Inheritance Tax, Pensions and Wills: Why now is the time to review your plans
For many people, inheritance tax (IHT) has always felt like something that only affected the very wealthy. However, with major changes to pension rules due to come into effect from April 2027, more families may now find themselves affected than ever before.
At Ness Gallagher Solicitors, we are increasingly speaking to clients who want to ensure their affairs are organised properly, their loved ones are protected, and their wishes are clearly set out in a valid Will.
While we are not financial advisers and cannot provide specialist tax or investment advice, it is important to recognise when professional planning may be needed. In many cases, working with both a solicitor and a regulated IFA can help ensure your estate planning is joined up and effective.
Historically, many pension pots sat outside of a person’s estate for inheritance tax purposes. However, the UK Government has confirmed that from 6 April 2027, most unused pension funds and pension death benefits will be included when calculating inheritance tax liability. This means that people whose estates may have been below the threshold for IHT now have to think about – and plan for – an IHT bill on death.
This is a significant change and may affect:
- people with substantial pension savings
- homeowners with rising property values
- business owners
- families who assumed pensions would pass tax-efficiently to children or grandchildren
Even if IHT is not currently a concern, having an up-to-date Will remains one of the most important steps you can take. A properly drafted Will can:
- ensure your assets pass to the people you choose
- appoint guardians for children
- make administration easier for your family
- reduce the risk of disputes
- help coordinate wider estate planning strategies
Without a Will, the law decides who inherits your estate – your property, your money and your possessions – which may not reflect your wishes.
As pension and inheritance tax rules evolve, it is also sensible to ensure that beneficiary nominations, trusts, and estate planning arrangements are reviewed regularly alongside your Will.
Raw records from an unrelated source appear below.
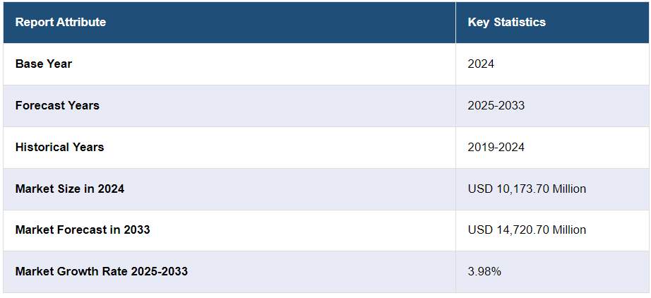 글로벌 허브 모터 시장 규모는 2024년 10,173.70백만 달러로 평가되었습니다. 앞으로 IMARC 그룹은 2025-2033년 동안 3.98%의 연평균 성장률을 보이며 2033년까지 시장이 14,720.70백만 달러에 달할 것으로 예상하고 있습니다. 현재 아시아 태평양 지역은 2024년 34.3% 이상의 허브 모터 시장 점유율을 차지하며 시장을 지배하고 있습니다. 전기 자동차(EV)로의 전환 증가, 지속적인 기술 발전, EV를 촉진하기 위한 정부의 지속적인 노력이 주로 시장 성장을 주도하고 있습니다.
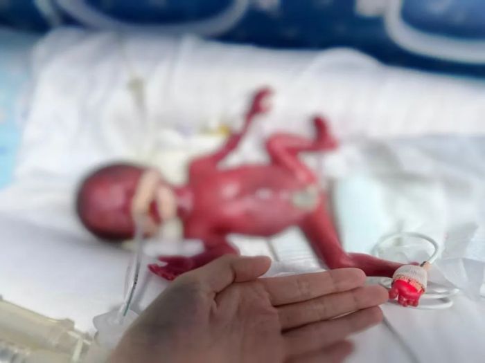 刚出生时,玲玲整个身体跟成人的巴掌差不多大小,胳膊还没成人的手指粗,皮肤呈半透明胶冻状,血管隐约可见,属于超低出生体重早产儿。由于早产,玲玲出现了自主呼吸微弱,且全身皮肤青紫。
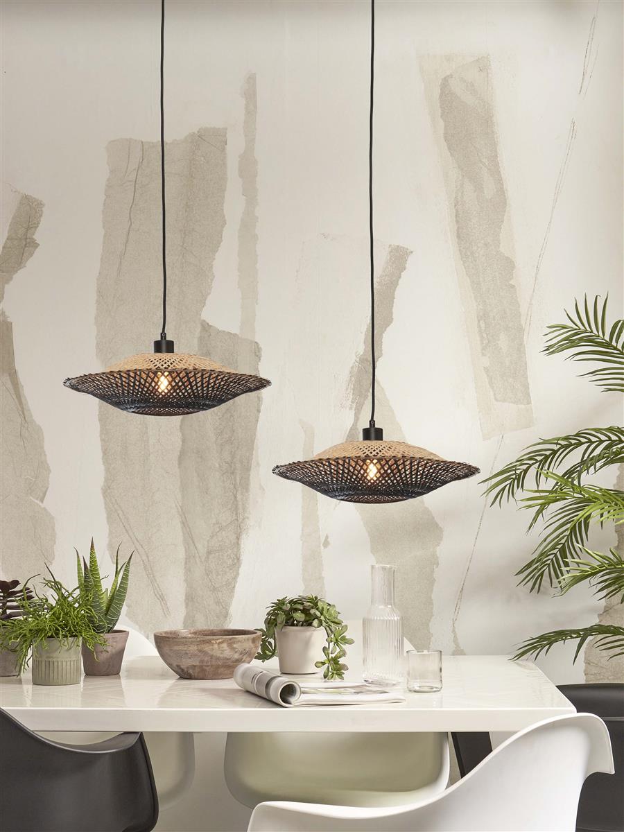 GOOD&MOJO I Hängeleuchte I KALIMANTAN I Farbe: Schwarz/Natur I Schirm: Ø44 x 12
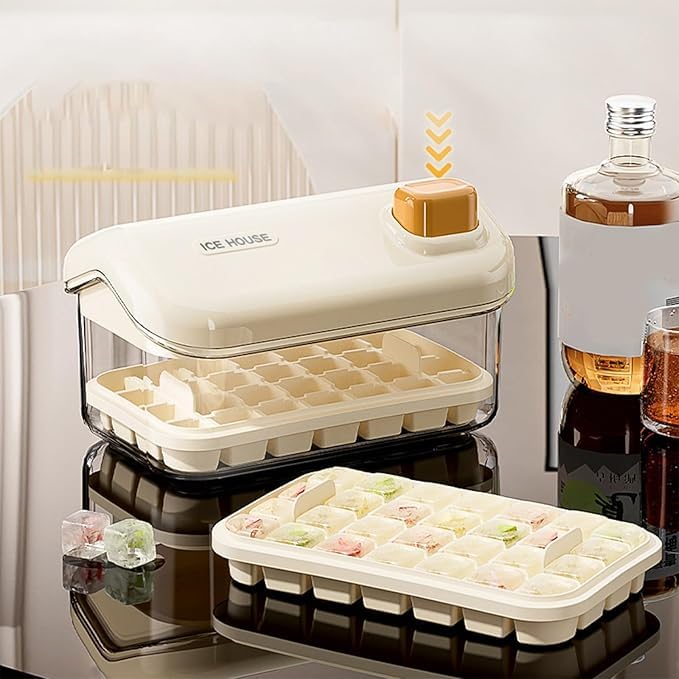 Generic - Ice Box, Ice Compartment, Large Capacity Push-Button Ice Box, Ice Box For Freezer, Ice Maker Box, Easy Access Household Large Capacity 28 Ice Cubes Per Level
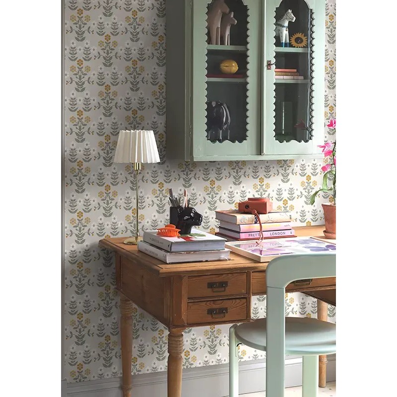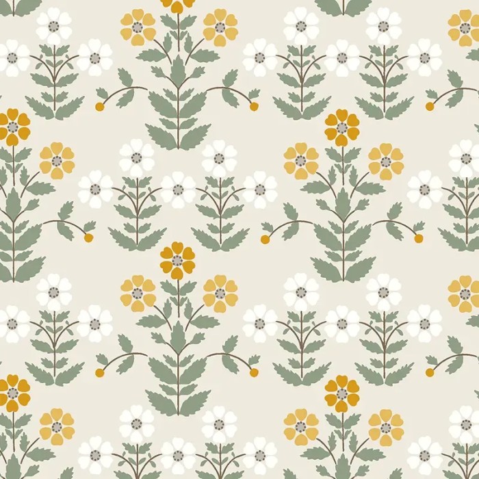 En tonos amarillos alegres y grises fríos, nuestro papel pintado Sippor evoca pensamientos sobre la energía y la alegría de las flores primaverales en plena floración. Diseñado por el pintor profesional Oskar Bergman a principios del siglo XX, presenta un patrón regular de delicadas anémonas en tonos soleados de amarillo con toques de marrón, gris, blanco y verde impreso con una técnica de colografía tradicional. Cuelgue el papel pintado Sippor en su salón, habitación, cocina o pasillo para obtener una expresión versátil, hogareña y vívida.
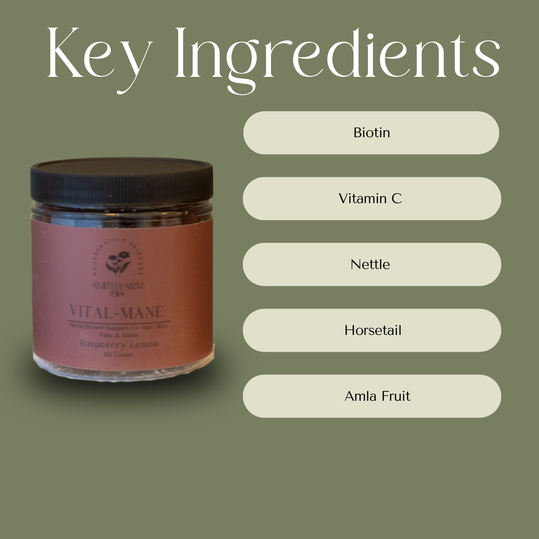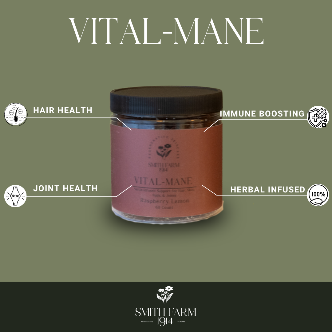 Vital Mane is more than just a beauty gummy—it's a deep-rooted wellness formula crafted for hair, skin, nails, joints, and immune support. Each gummy is packed with nature-backed herbs. Herbs like:

Inheritance tax planning is increasingly complex, particularly where pensions, investments, business assets, or gifting strategies are involved, and specialist tax and financial planning advice should always come from a qualified and regulated IFA.
The upcoming reforms are a reminder that estate planning should not be left until later in life or ignored altogether. A simple review of your Will and wider arrangements today could help avoid complications for your family in the future. At Ness Gallagher Solicitors, we can help you put the right legal documents in place and work alongside your financial adviser where appropriate.